Le Premier ministre Ehud Olmert essaye de joindre le président américain par téléphone. L’équipe de George W. Bush répond qu’il est injoignable puisqu’il est en train d’adresser un discours officiel. Olmert se met alors en colère et Bush interrompt son discours pour venir lui parler. Olmert lui demande de changer immédiatement le vote américain au Conseil de sécurité des Nations unies concernant Gaza. Bush accepte sur le champ.

Les tensions entre les deux pays se creusent

Mais les choses peuvent changer dans un futur proche. Les tensions entre les deux pays se creusent et Obama ne semble pas prêt à accepter d’obéir systématiquement aux exigences d’Israël. En fait, les agendas diplomatiques respectifs des Etats-Unis et d’Israël sont assez différents, voire même opposés dans une certaine mesure. Par ailleurs, le fait que le gouvernement actuel d’Israël soit le plus à droite de l’histoire du pays n’arrange pas les choses.

La priorité stratégique d’Obama est d’apaiser les rapports entre les Etats-Unis et le monde musulman. Mais pour cela, il sait qu’il faut plus que des discours sympathiques sur le dialogue entre les civilisations, l’éloge du caractère pacifique de l’islam et des sourires adressés aux Arabes.

Si un réel progrès sur le conflit israélo-palestinien, avec des apports directs et pas seulement des perspectives vagues à long terme, n’est pas atteint, sa crédibilité et sa popularité – à son apogée actuellement – vont progressivement disparaître.

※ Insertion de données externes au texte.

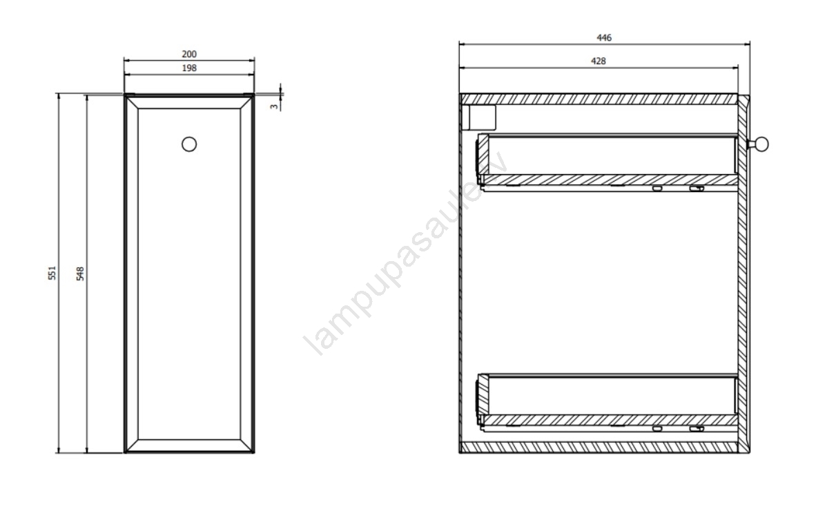 • Priekšpuse, korpuss un iekšējās divas plauktas ir izgatavotas no 16 mm skaidu plātnes ar matētu baltu laku.

Un grand bond en arrière au Proche-Orient

Même si le précédent gouvernement israélien n’a pris aucune mesure particulière dans le sens d’une solution durable, c’est la première fois depuis 16 ans qu’il y a au pouvoir un gouvernement qui renie le principe même d’un Etat palestinien. Il s’agit d’un grand bond en arrière.

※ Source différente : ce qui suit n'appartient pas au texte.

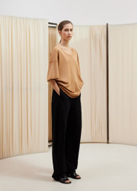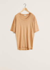 This classic t-shirt is a staple of LEMAIRE’s wardrobe. It is made of a mid-weight jersey woven into a flexible rib. It has a loose cut that is slightly fitted at the hips, an open crewneck and dropped shoulders. Details include a self-rib collar and flat-lock finishings on the shoulders. DETAILS - Loose fit - Ribbed collar Made in Portugal Style: TO1146 LJ1016 FABRICS & CARE Main Material 100% Coton Soft wash 30° Do not bleach Do not tumble dry Cool ironing Do not dry clean Dry flat

Un autre différend entre les deux pays concerne l’Iran. Le gouvernement israélien, en partie en le pensant réellement, en partie par choix tactique – afin de créer un sujet central autre que le dossier palestinien – présente le programme nucléaire iranien comme la principale menace contre la sécurité mondiale et essaye de faire accepter l’idée selon laquelle une guerre pour empêcher l’Iran de fabriquer des armes nucléaires serait moins nuisible que si celui-ci y parvenait.

Israël fait donc pression pour une intervention militaire afin de détruire les capacités nucléaires iraniennes. Mais Obama n’y accorde que peu de crédit, pour quatre raisons :

– Tout d’abord, il sait qu’il ne peut pas se permettre de lancer une nouvelle guerre dans cette région, qui s’ajouterait à celles en Afghanistan et en Irak.
– Il sait aussi qu’une telle opération aurait des effets secondaires stratégiques catastrophiques, compte tenu de la récente guerre de Gaza, de l’absence de solution en vue en Irak et en Afghanistan et de la situation de plus en plus préoccupante au Pakistan.
– Troisièmement, il pense que l’Iran peut plus facilement accepter d’arrêter son programme nucléaire à travers des négociations et en obtenant des compensations que par un bombardement militaire.
– Enfin, dernier élément, et non des moindres, il a besoin de l’attitude conciliante de Téhéran pour pouvoir obtenir des solutions satisfaisantes en Irak et en Afghanistan.

Par conséquent, un fossé est en train de se creuser entre les priorités stratégiques des Etats-Unis et d’Israël et si l’Etat hébreu pense que ses points de vue vont l’emporter encore une fois, rien n’est moins sûr.